======== Extracted records

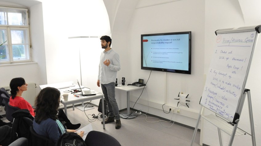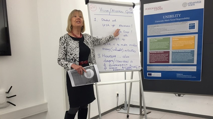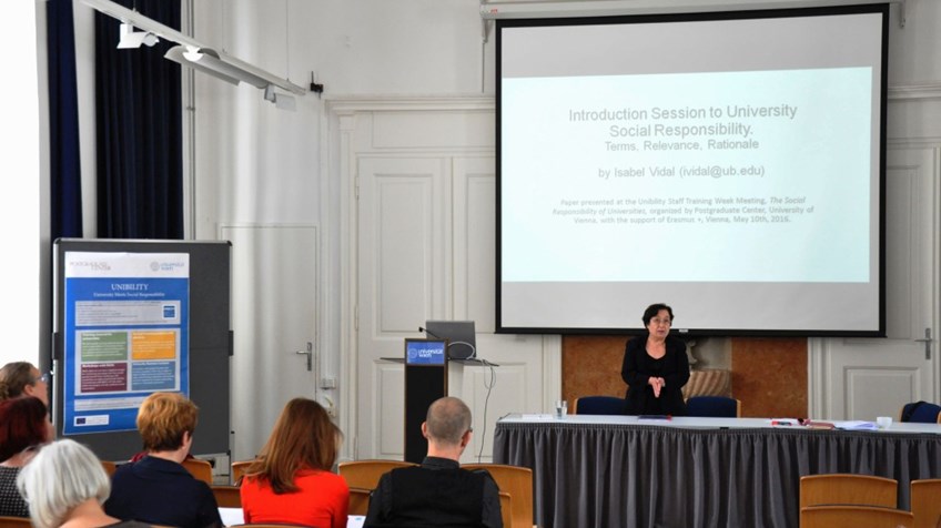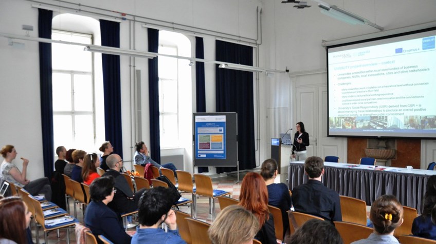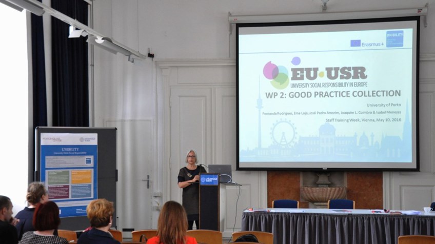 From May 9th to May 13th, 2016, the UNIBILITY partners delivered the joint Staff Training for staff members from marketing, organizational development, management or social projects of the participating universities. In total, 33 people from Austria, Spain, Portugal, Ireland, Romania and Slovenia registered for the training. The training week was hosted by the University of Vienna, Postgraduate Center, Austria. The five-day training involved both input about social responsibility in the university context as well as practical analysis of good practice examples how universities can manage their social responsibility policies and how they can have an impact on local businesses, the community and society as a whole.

================
======== Extracted records

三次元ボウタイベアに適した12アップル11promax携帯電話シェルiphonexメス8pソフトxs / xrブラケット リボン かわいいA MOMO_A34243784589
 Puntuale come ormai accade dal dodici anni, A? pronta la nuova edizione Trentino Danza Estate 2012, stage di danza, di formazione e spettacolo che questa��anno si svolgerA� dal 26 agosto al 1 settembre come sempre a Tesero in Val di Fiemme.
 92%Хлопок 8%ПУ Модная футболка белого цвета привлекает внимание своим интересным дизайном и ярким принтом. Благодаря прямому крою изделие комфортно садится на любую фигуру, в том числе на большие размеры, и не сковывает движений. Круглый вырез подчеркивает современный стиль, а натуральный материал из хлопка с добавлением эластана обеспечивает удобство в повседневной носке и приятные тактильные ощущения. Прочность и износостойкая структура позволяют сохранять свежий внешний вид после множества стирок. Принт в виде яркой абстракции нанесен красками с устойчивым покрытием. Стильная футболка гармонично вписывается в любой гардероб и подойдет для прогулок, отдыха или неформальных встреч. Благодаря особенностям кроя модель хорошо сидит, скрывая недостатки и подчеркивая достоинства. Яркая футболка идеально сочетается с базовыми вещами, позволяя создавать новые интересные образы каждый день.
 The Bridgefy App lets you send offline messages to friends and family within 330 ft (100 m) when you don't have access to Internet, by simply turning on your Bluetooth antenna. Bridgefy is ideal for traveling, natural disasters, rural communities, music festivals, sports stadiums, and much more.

================

▸ **Your task**
The answer is the run of lines above from the line containing "三次元ボウタイベアに適した12アップル11promax携帯電話シェルiphonexメス8pソフトxs / xrブラケット" through the line containing "Puntuale come ormai", copied exactly and alone.

▸ **Reply to the exercise**
三次元ボウタイベアに適した12アップル11promax携帯電話シェルiphonexメス8pソフトxs / xrブラケット リボン かわいいA MOMO_A34243784589
 Puntuale come ormai accade dal dodici anni, A? pronta la nuova edizione Trentino Danza Estate 2012, stage di danza, di formazione e spettacolo che questa��anno si svolgerA� dal 26 agosto al 1 settembre come sempre a Tesero in Val di Fiemme.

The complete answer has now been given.